Jonathan Gruber, a key architect of Obamacare (and also of Romneycare), has been caught on camera by the Daily Signal offering up insights on the “stupidity of the American voter” and on the importance of using a noble lie (or lies) in passing Obamacare.
Gruber said of Obamacare:
“This bill was written in a tortured way to make sure CBO did not score the [individual] mandate as taxes. If CBO scored the mandate as taxes, the bill dies.”
President Obama publicly insisted the individual mandate was not a tax, and Obamacare’s own text describes it as a “penalty,” not a “tax.” Yet, by a 5-4 vote, the Supreme Court held that the mandate was unconstitutional as a penalty levied under the commerce-clause power and could stand only as a tax — albeit a previously unheard-of tax that compels Americans to buy a product or service of the federal government’s choosing in order to avoid having to pay it. It’s an unprecedented federal tax on inactivity.
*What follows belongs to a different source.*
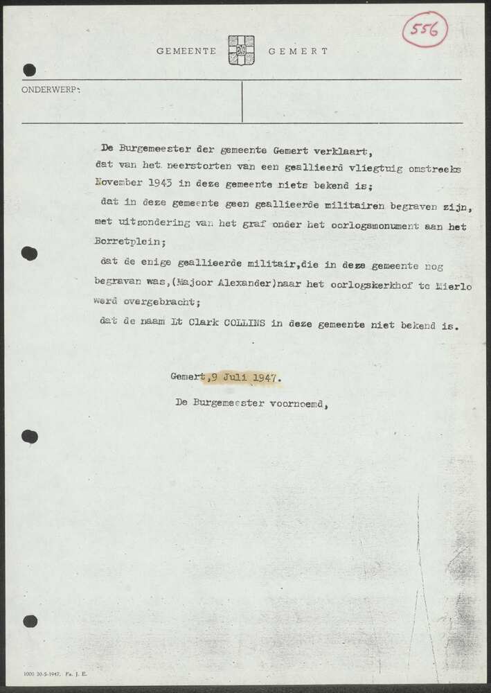 Brief in enveloppe. 17 november 1943. Aan den heer G...

Unsurprisingly, the individual mandate remains perhaps the most unpopular part of Obamacare, and it’s also central to its entire design. Thus, delaying or repealing the mandate would badly wound Obamacare. One hopes that Republicans on Capitol Hill will soon pass legislation to do exactly that, while also passing legislation to end Obamacare’s bailout of insurance companies. Republicans would be much better off going after these parts of Obamacare — which are central to its design and its ability to function — rather than trying to make Obamacare better by doing things like repealing its medical-device tax or changing its definition of full-time workers from 30 to 40 hours a week. Republicans should be in the businesses of providing relief to Americans in ways that undermine Obamacare, not improve it.
Gruber, however, didn’t end his discussion with the individual mandate. He went on to say the following:
“In terms of risk-rated subsidies, if you had a law which said healthy people are gonna pay in — you’ve made explicit that healthy people pay in and sick people get money, it would not have passed. Okay? Just like the…people — transparent — lack of transparency is a huge political advantage. And basically, you know, call it the stupidity of the American voter or whatever.”
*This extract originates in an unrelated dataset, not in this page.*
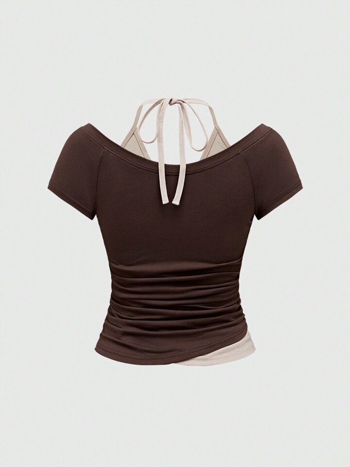 Goth T-shirt femme 2 en 1 à taille resserrée avec imprimé rétro

It’s time for Republicans to champion a conservative alternative that would transparently end the unfairness in the tax code for everyone, thereby providing tax relief for millions of middle-class Americans, instead of lavish taxpayer-funded subsidies for the chosen few.
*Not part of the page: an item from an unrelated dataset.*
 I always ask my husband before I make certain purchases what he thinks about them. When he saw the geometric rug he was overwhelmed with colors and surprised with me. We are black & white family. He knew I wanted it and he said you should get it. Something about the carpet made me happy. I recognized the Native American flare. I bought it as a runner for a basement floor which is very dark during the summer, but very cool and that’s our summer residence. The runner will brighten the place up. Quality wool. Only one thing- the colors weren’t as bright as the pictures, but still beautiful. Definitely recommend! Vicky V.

Gruber concluded, “Look, I wish…we could make it all transparent, but I’d rather have the law than not.”
Fortunately, most Americans would rather have repeal than not. They would rather repeal Obamacare and replace it with a winning conservative alternative.
It’s interesting to hear Gruber talk about the need to mislead the citizenry in the interests of empowering the state. In Plato’s Republic, a book depicting an all-consuming state in which the government controls essentially every aspect of human life, the Noble Lie is that people are born with gold (rulers), silver (soldiers), or bronze (working-class) souls. In Obamacare, people are compelled to buy either gold, silver, or bronze (or platinum) government-compliant health insurance. To be sure, Obama is no Plato or Socrates. He’s a rather conventional and unimaginative liberal who doesn’t seem to have much interest in the philosophical underpinnings of his own society or any other. Still, it’s intriguing to see how an architect of Obamacare, and that legislation’s own text, uses language that evokes the Western cannon’s greatest depiction of a society that is almost entirely subsumed by government.